* _ABOUT THIS EXERCISE_:
Your answer must be the lines from the top of the listing below through the line that holds "وبدا ميسي مذهولا", retyped exactly, with no pictures.

* _RECORDS PROVIDED_:
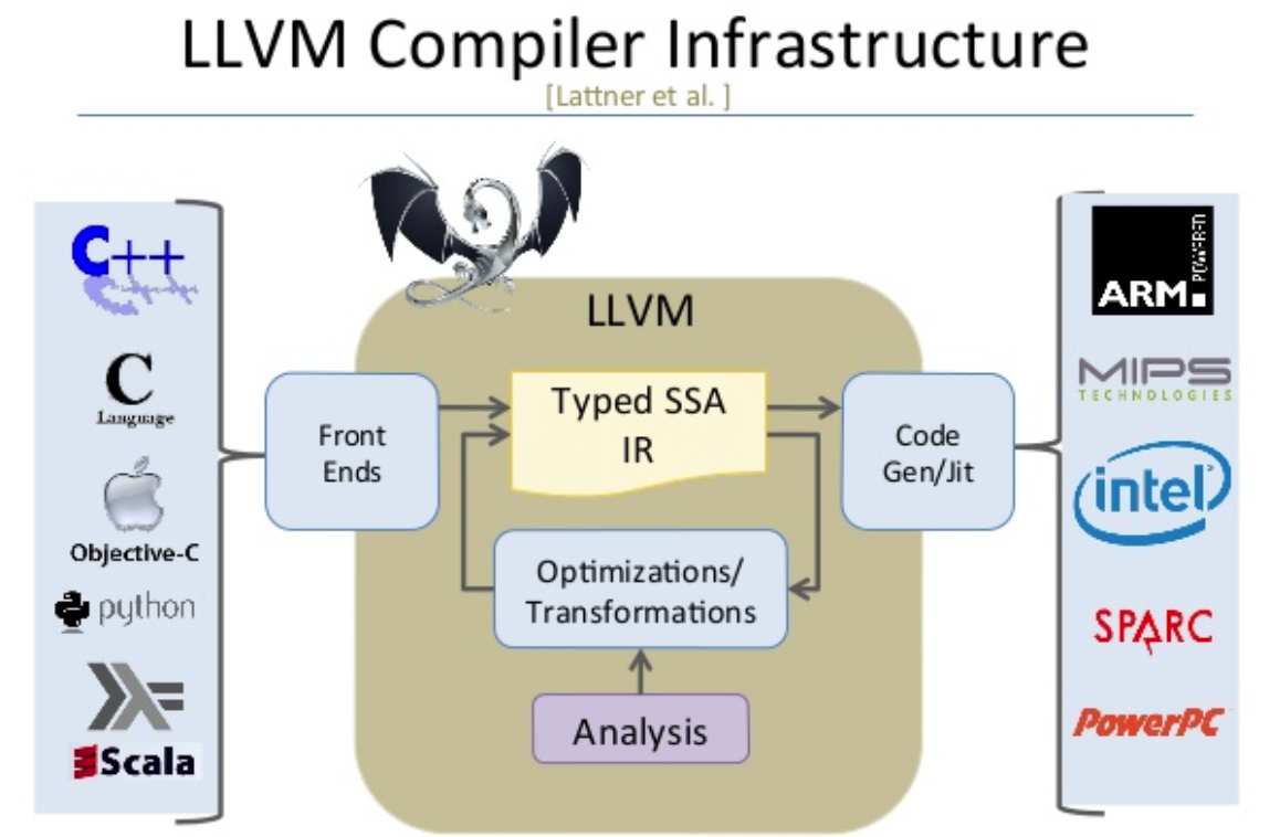 LLVM은 프로젝트의 이름으로 프로그램의 작성 언어와 관계없이 최적화를 쉽게 구현할 수 있도록 구성되어있는 컴파일러이자 툴킷이다.
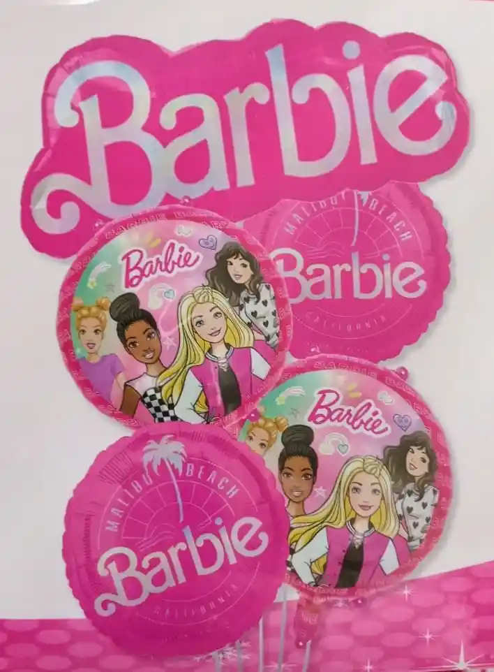 Bouquet x 5 Globos Metalizados Barbie Por la compra llevas: •1 Globo Grande con la palabra BARBIE MEDIDAS:98x60cm •4 Globos Redondos MEDIDAS:45x45cm/Cada uno •Se pueden inflar con Helio •Los Globos se entregan desinflados
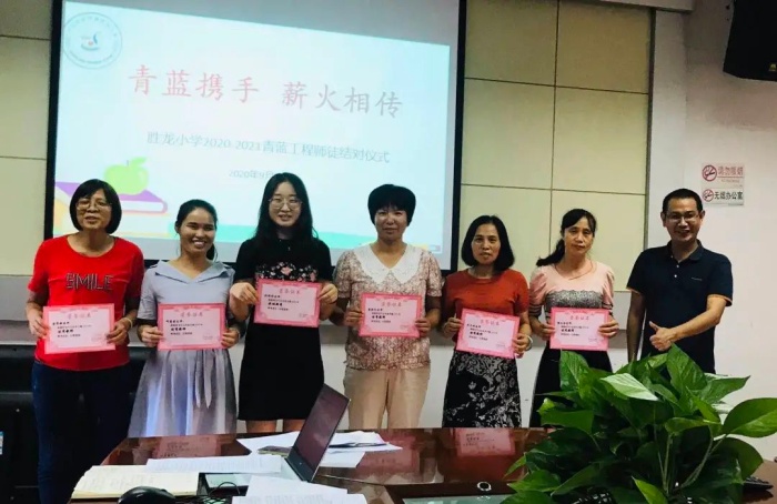 为促进青年教师的专业成长,发挥学校骨干教师和名师的示范和辐射作用,加强教师间的相互学习,让青年教师能在日常的教育教学工作中“教有引领、困有所帮、惑有所解”,实现教育教学能力和班级管理能力的同步提高,全面推进学校教师队伍智慧发展,进而提高课堂效率和教学质量。9月21日下午,胜龙小学全体教师在会议室举行了以“青蓝携手,薪火相传”为主题的 “青蓝工程师徒结对”启动仪式。
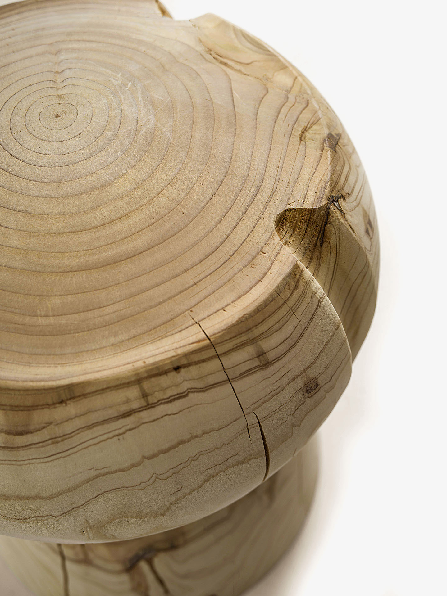 凳子采用一整块散发着自然清香的雪松木制作而成,其形状如同一个香槟的橡木塞。
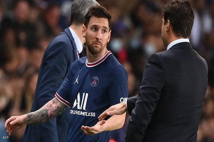 وبدا ميسي مذهولا عندما استدعاه المدرب ماوريسيو بوكيتينو ليشرك أشرف حكيمي بدلا منه.
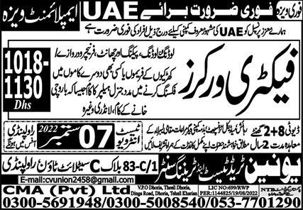 Union Trade Test and Training Center is looking for candidates for following posts as per job advertisement published in daily Express Newspaper of September 6, 2022 for location Abu Dhabi, dubai UAE:
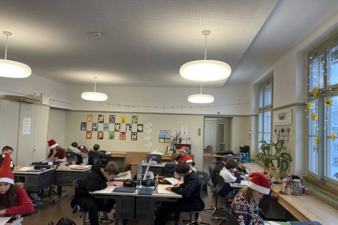 Die Klasse 6b geniesst die Adventszeit ganz besonders. Ab dem 1. Dezember (einige schon früher) werden Weihnachtslieder gehört (aber nur das Original! Kein Fake!) und Weihnachtspullover und Nikolaushüte gehören zur täglichen Garderobe. Auch sonst wird diese ganz besondere Zeit so richtig zelebriert.
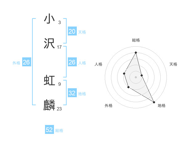 小沢 虹麟さんの総格は52画の4点!
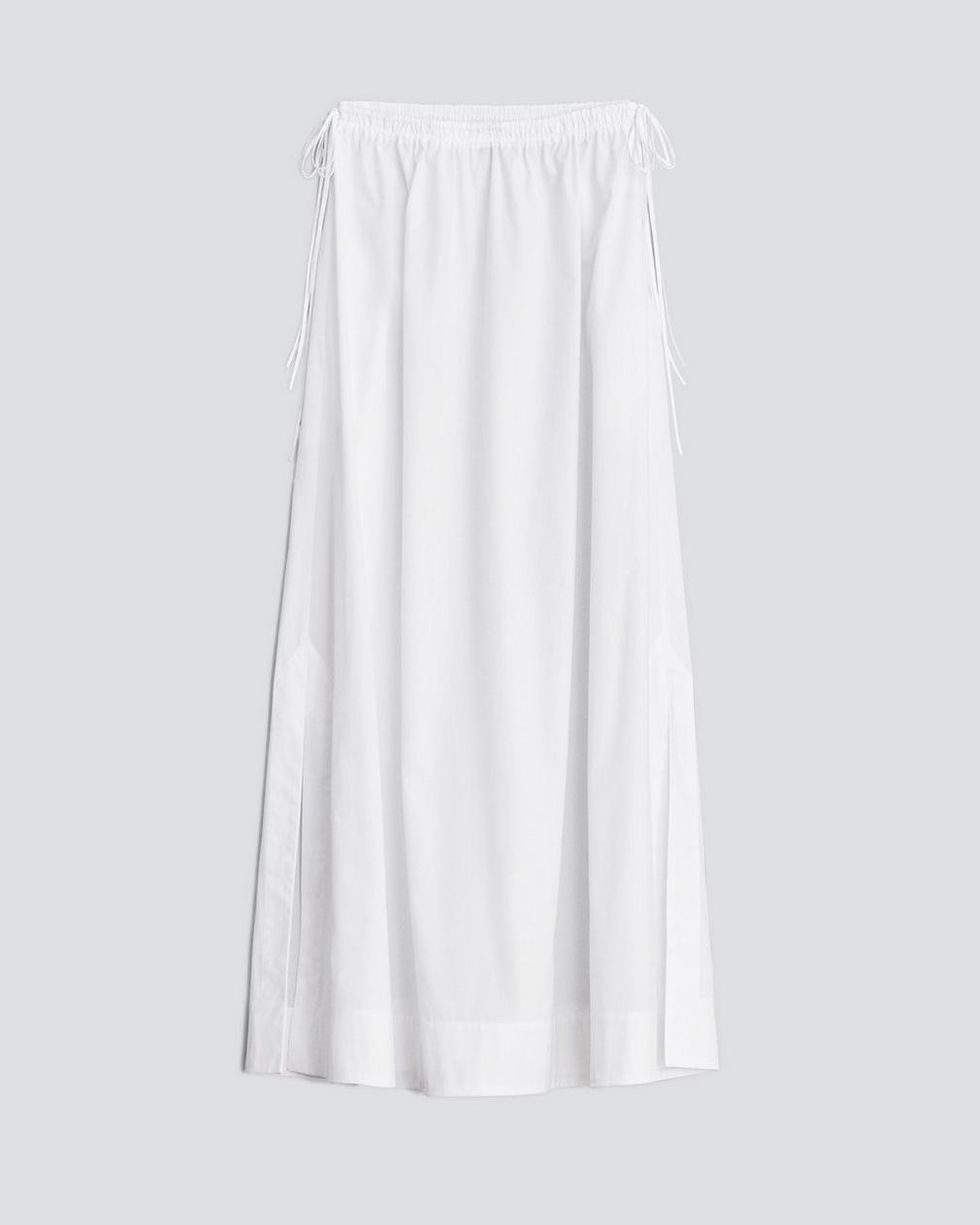 I’m partial to A-line cotton maxi skirts, but the options abound. Perhaps you prefer a tiered boho style or a sleek pencil variety. Maybe you’re interested in a drawstring linen skirt or a simple denim sheath. You can select anything from midi skirts to maxi skirts—as long as we cross the threshold of mid-thigh. If your interest is piqued, continue scrolling. We’ve rounded up our favorite white long skirts on the market.
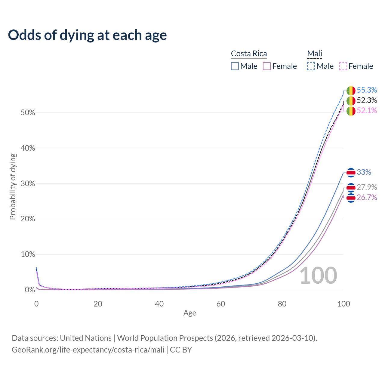 This life expectancy calculator shows the odds of living to 100, 95, 90, and below based on current age for both males and females in Costa Rica and Mali, along with mean and median age of death. The calculations are based on the 2026 life tables (actuarial tables) from the UN World Population Prospects.
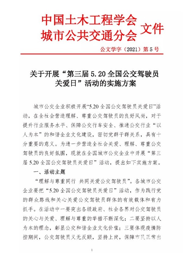 (一)今年的“5.20全国公交驾驶员关爱日”活动根据疫情防控要求,在活动安排时间和人员组织方面要适当给予控制,既要体现活动氛围,也要防止人员大规模聚集。
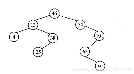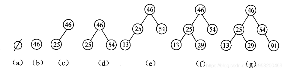 插入{46,25,54,13,29,91}关键字序列示意图:
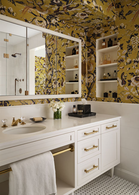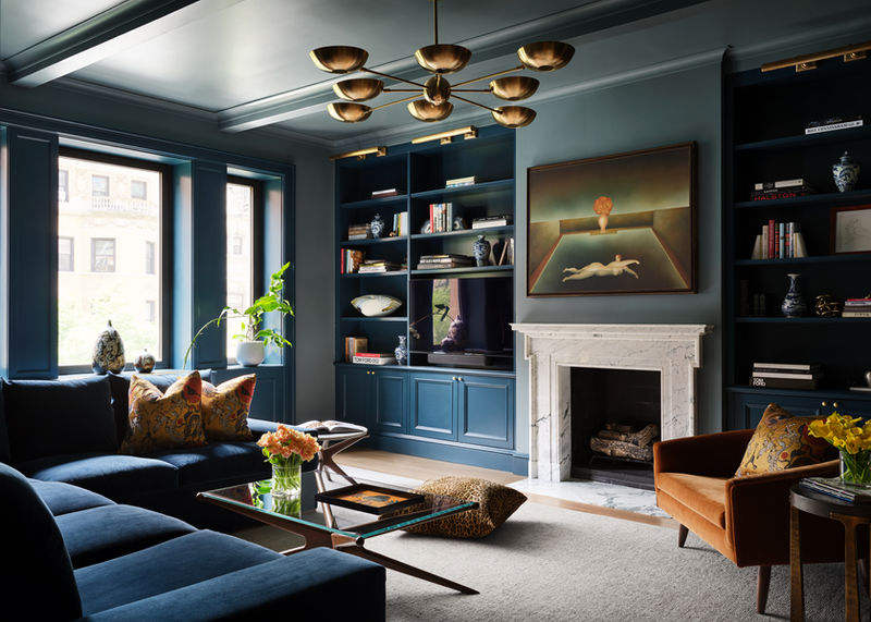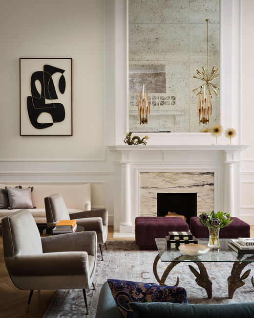 This duplex apartment in a grand 1907 apartment building underwent a major renovation. Within the unique two-story great room, a new custom wood mantel, panel moldings, and plaster crown were added. New black steel doors connect the great room to the family room. At the family room, new built-in bookshelves and a custom marble mantel are a focal point for the space. The existing stair off the great room was rebuilt with new oak steps, bronze spindles, and paneled storage below. At the upper level, bedrooms and bathrooms have custom millwork and luxurious finishes. Martin Brandwein worked with interior designer Michele Bitter on this project.

* _ANSWER_:
 LLVM은 프로젝트의 이름으로 프로그램의 작성 언어와 관계없이 최적화를 쉽게 구현할 수 있도록 구성되어있는 컴파일러이자 툴킷이다.
 Bouquet x 5 Globos Metalizados Barbie Por la compra llevas: •1 Globo Grande con la palabra BARBIE MEDIDAS:98x60cm •4 Globos Redondos MEDIDAS:45x45cm/Cada uno •Se pueden inflar con Helio •Los Globos se entregan desinflados
 为促进青年教师的专业成长,发挥学校骨干教师和名师的示范和辐射作用,加强教师间的相互学习,让青年教师能在日常的教育教学工作中“教有引领、困有所帮、惑有所解”,实现教育教学能力和班级管理能力的同步提高,全面推进学校教师队伍智慧发展,进而提高课堂效率和教学质量。9月21日下午,胜龙小学全体教师在会议室举行了以“青蓝携手,薪火相传”为主题的 “青蓝工程师徒结对”启动仪式。
 凳子采用一整块散发着自然清香的雪松木制作而成,其形状如同一个香槟的橡木塞。
 وبدا ميسي مذهولا عندما استدعاه المدرب ماوريسيو بوكيتينو ليشرك أشرف حكيمي بدلا منه.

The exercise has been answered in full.